Is it a marketing demographics opportunity? For example, does it fall into the same category as tobacco sales – the target market is predominantly lower financial class with an assumption of less education?

There’s always some wishful thinking going on in the workplace:

  • “See you next week.” “Not if I win the lottery.”
  • “Well, I haven’t won the lottery yet, so I guess I’ll be here.”
  • “What would you do if you won the lottery?”

And then there are those who thought they had won the lottery?!


$4.3 Million.


$54 Million.

How would you feel if you found out the numbers printed were a mistake?!

Personally speaking, living on the corner of Hard Luck & Murphy’s Law, I would expect the numbers printed to be wrong. This falls somewhere between positive thought processes & self-fulfilling prophecies, I believe…

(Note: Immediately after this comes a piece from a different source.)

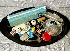 Vintage Junk Drawer Lot 30+ Smalls, Toy Train, Buttons, Trinket Tray, Dice +++

I’ve had a few lottery scratch cards given to me along the way at one event or another. As a form of entertainment, I find sleeping to be a much better choice. I have also, on occasion, thrown in a couple bucks with everyone on larger Mega Millions jackpots just to say if you don’t take the risk, you don’t realize the gain.

We here the Friday Fun Fact Command Center have a better idea: donate the money you would invest in lottery tickets to Friday Fun Fact. I’m sure we’ll figure out a way to keep you entertained, as well as reduce our overhead costs! And, of course, buy some BEER to keep morale up during tight deadlines!


Tunes of the Week:

I Feel Lucky – Mary Chapin Carpenter

Lightning Strikes Again – Dokken

Lighting Strikes (Not Once But Twice) – The Clash

Lightning Frightening – David Bowie

Lightning In The Sky – Santana

Lightning Strikes The Postman – The Flaming Lips

Greased Lightning – John Travolta

Smokestack Lightning – Howlin’ Wolf

White Lightning – George Jones

Ride The Lightning – Metallica


Raise A Lucky Glass!

May Your Friday Be Followed By A Winning Saturday!